What is “bleed through” and how do I prevent it?
Bleed through is the term used when the original stain on furniture shows through the paint as an orangey brownish or even pinkish color no matter how many times you paint over it. This is especially true of furniture from the 1930-1940s. This can also happen with unfinished wood containing lots of tannin which is often in the form of knots in the wood or furniture with existing mildew or watermarks. The way to prevent it is to use shellac over the areas that are giving you a problem. You can apply the shellac directly over any previously applied paint as long as it is dry. We recommend Sherwin Williams “White Pigmented Shellac Primer” but any shellac will do and shellac also comes in easy to use spray cans.
Why is my paint cracking?
Yup – sometimes chalk based paint will crack. Some users may even like this. This could either be another case of bleed through OR a matter of not letting the first coat dry before applying the second coat. Either way, using shellac is the remedy and waiting until the shellac dries before applying the paint again is crucial. I had this happen to a friend recently who was applying the paint outdoors in the humid Florida weather. The first coat was not dry enough before she applied the 2nd coat and it began cracking. Temperature is important when painting. Somewhere around 75 degrees F with low humidity is optimum.
What kind of prep work do I need to do before I start to paint with Poet’s Paint Waterglass Paint?
No sanding, priming or paint removal is required in most cases. For best paint adhesion and a professional appearance especially on kitchen cabinets where grease and grime may build up, it is advised to use denatured alcohol prior to painting. For other pieces, common sense cleaning and removing dirt and dust prior to painting. For heavily soiled pieces, use TCP to clean. For pieces with a heavy buildup of Pledge or similar furniture polish, you may wish to remove the buildup with denatured alcohol or go over the problem area with shellac if adhesion is a problem.

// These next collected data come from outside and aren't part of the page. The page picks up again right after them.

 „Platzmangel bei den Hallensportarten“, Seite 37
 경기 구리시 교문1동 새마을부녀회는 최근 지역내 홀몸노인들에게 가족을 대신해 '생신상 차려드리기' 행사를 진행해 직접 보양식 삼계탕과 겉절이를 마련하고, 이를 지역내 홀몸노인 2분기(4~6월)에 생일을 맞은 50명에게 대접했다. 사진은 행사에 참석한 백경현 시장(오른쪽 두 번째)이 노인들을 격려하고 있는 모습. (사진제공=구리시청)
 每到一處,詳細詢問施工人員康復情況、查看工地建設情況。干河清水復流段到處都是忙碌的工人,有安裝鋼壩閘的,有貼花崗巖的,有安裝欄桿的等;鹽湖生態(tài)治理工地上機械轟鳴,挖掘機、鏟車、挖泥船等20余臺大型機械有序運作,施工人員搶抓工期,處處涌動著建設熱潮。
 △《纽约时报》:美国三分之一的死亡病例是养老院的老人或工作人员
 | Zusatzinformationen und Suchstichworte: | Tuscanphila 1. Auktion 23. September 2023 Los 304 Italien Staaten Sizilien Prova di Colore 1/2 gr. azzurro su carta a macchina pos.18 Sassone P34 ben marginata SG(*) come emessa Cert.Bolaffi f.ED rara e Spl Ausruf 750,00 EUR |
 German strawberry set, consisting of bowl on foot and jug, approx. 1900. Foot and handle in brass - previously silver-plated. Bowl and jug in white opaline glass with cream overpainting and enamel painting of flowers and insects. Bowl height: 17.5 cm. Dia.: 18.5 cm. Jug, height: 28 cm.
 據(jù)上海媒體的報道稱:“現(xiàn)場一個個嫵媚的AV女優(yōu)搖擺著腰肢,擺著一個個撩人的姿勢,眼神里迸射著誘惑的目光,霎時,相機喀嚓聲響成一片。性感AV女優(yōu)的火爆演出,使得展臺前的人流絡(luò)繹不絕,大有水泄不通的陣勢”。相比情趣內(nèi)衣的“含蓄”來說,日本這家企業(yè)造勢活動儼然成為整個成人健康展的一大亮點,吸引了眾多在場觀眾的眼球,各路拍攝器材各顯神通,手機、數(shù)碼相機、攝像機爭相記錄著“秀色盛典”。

If you are a true professional and paint furniture for a living, you will probably clean, sand and shellac most of your pieces but if you are like me, and just paint a few pieces mostly for yourself then you will probably just do a simple common sense cleaning and then dive right in and hope for the best. Most of the time, you will be just fine and your piece will come out perfect but every once in a while you will discover the one piece that you should have used some shellac or a little sanding. It’s not too late, you can still sand or shellac over the existing areas you already painted and then paint over them once the shellac is dry. Sooner or later, if you continue to use chalk based paint, you will run into one of these situations where the paint doesn’t stick or it cracks, chips or bleeds through. It will happen.
A synthetic brush is better than a natural brush if you want less brush strokes. And a foam brush works quite nicely as well.

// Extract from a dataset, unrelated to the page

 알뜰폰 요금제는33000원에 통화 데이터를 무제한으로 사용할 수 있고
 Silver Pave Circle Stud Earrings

How do I minimize brush strokes?
To minimize brush strokes, use a synthetic brush instead of a natural brush. You can also thin the paint slightly with water although this can result in applying more coats of paint. You can also lightly sand between coats and the final coat with a fine grade sand paper to reduce any brush strokes.

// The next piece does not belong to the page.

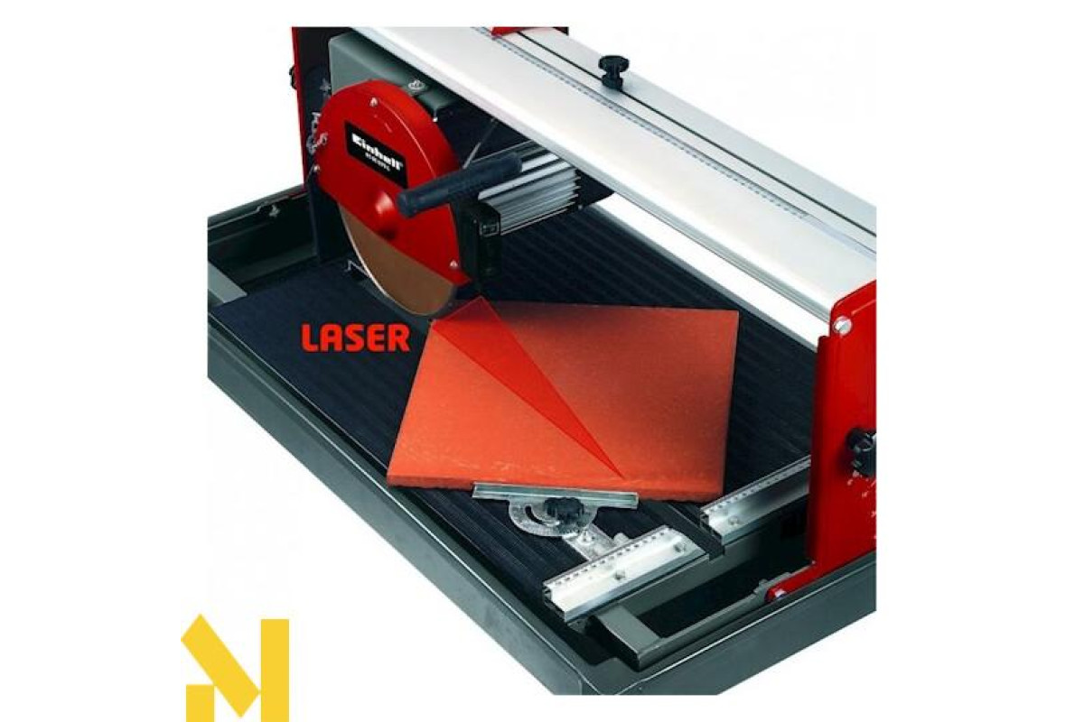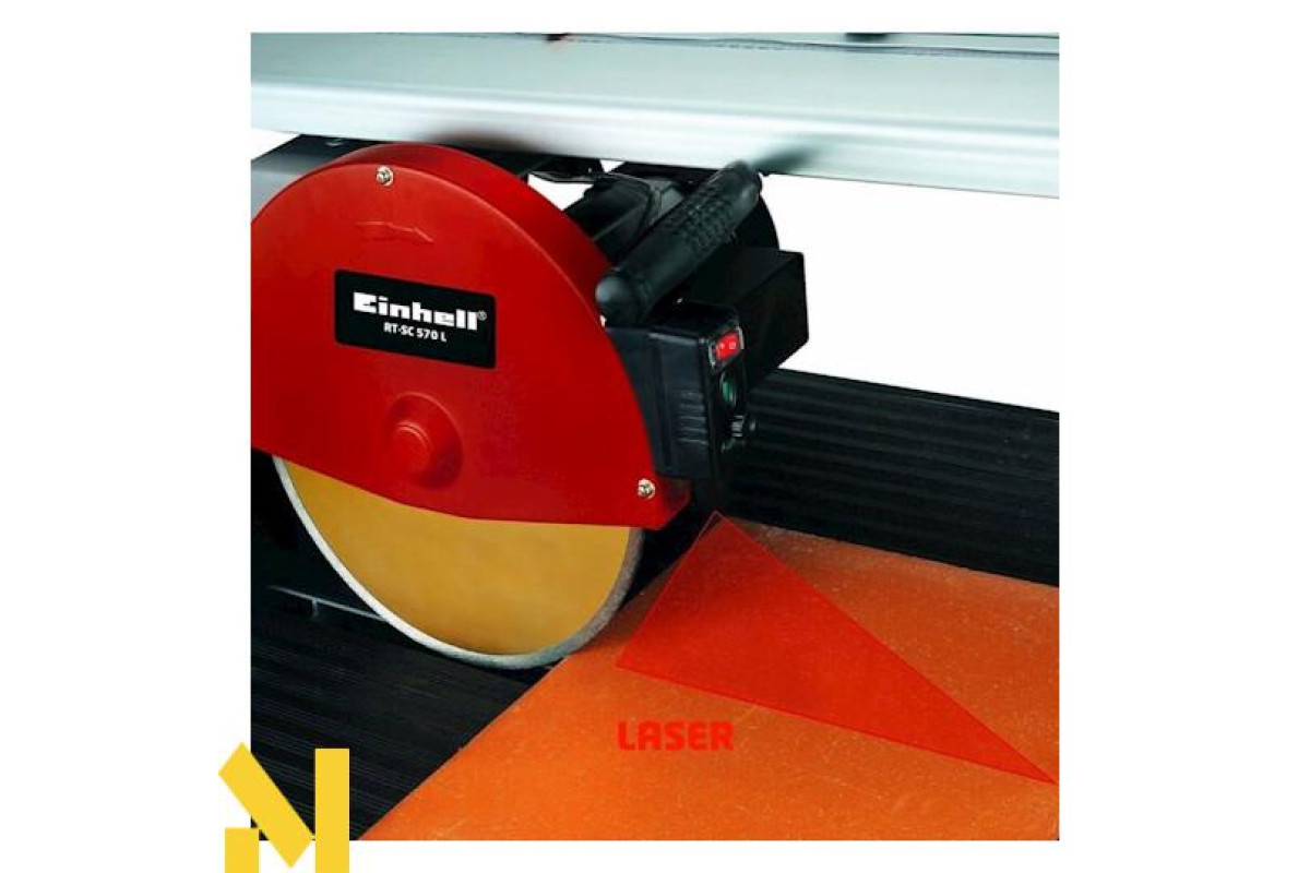 Каменеріз Einhell RT-SC 570 L - верстат для різання плит натурального і штучного каменю, бетону, цегли, каміння розміром до 57 см і товщиною до 65 мм. Каменерізний верстат Einhell RT-SC 570 L можна розглядати як стаціонарний, так і пересувний різак кам'яних плит, так як є стійка станина у вигляді великого робочого столу з гумовим килимком, але, при цьому складні ніжки дозволяють підготувати до транспортування і досить просто перевезти верстат Einhell RT-SC 570 L до нового місця використання. Каменеріз Einhell RT-SC 570 L виконує просту або подвійну похилу різання. Як пильної оснастки використовується алмазний ріжучий диск діаметром 250 мм, який під час пиляння охолоджує вбудований насос з рідиною. Легкознімний, що працює незалежно від верстата лазерний модуль точно вказує лінію майбутнього різу.

Is temperature really that important when applying the paint?
Absolutely. Again, the optimum temperature is somewhere around 75 degrees F with little to no humidity. I live in Florida and recently painted a project outdoors in the late May afternoon sun. Well, 24 hours later I was bringing my project indoors because it still had not sufficiently dried because of the Florida humidity. It wasn’t “wet” mind you but when I began sanding, I noticed the softness of certain thicker areas of paint. And most paints, Poet’s Paint Waterglass Paint included, cannot be stored below freezing for more than 4 hours. So, not too hot and not too cold.
How is Poet’s Paint different from latex paint and other chalk-based paints?
You’ll find that Poet’s Paint Waterglass Paint produces a much more durable finish which will not peel and chip like synthetic based latex paint. Latex paints have a tendency to be “sticky” when you sit on them or rest your arm on them. Poet’s Paint also contains liquid glass for a harder finish than other chalk based paints.
Do I need to use a top coat with Poet’s Paint?
No it’s not necessary but if you want to protect your piece from stains and watermarks, it is recommended. You can use a wax or polyurethane.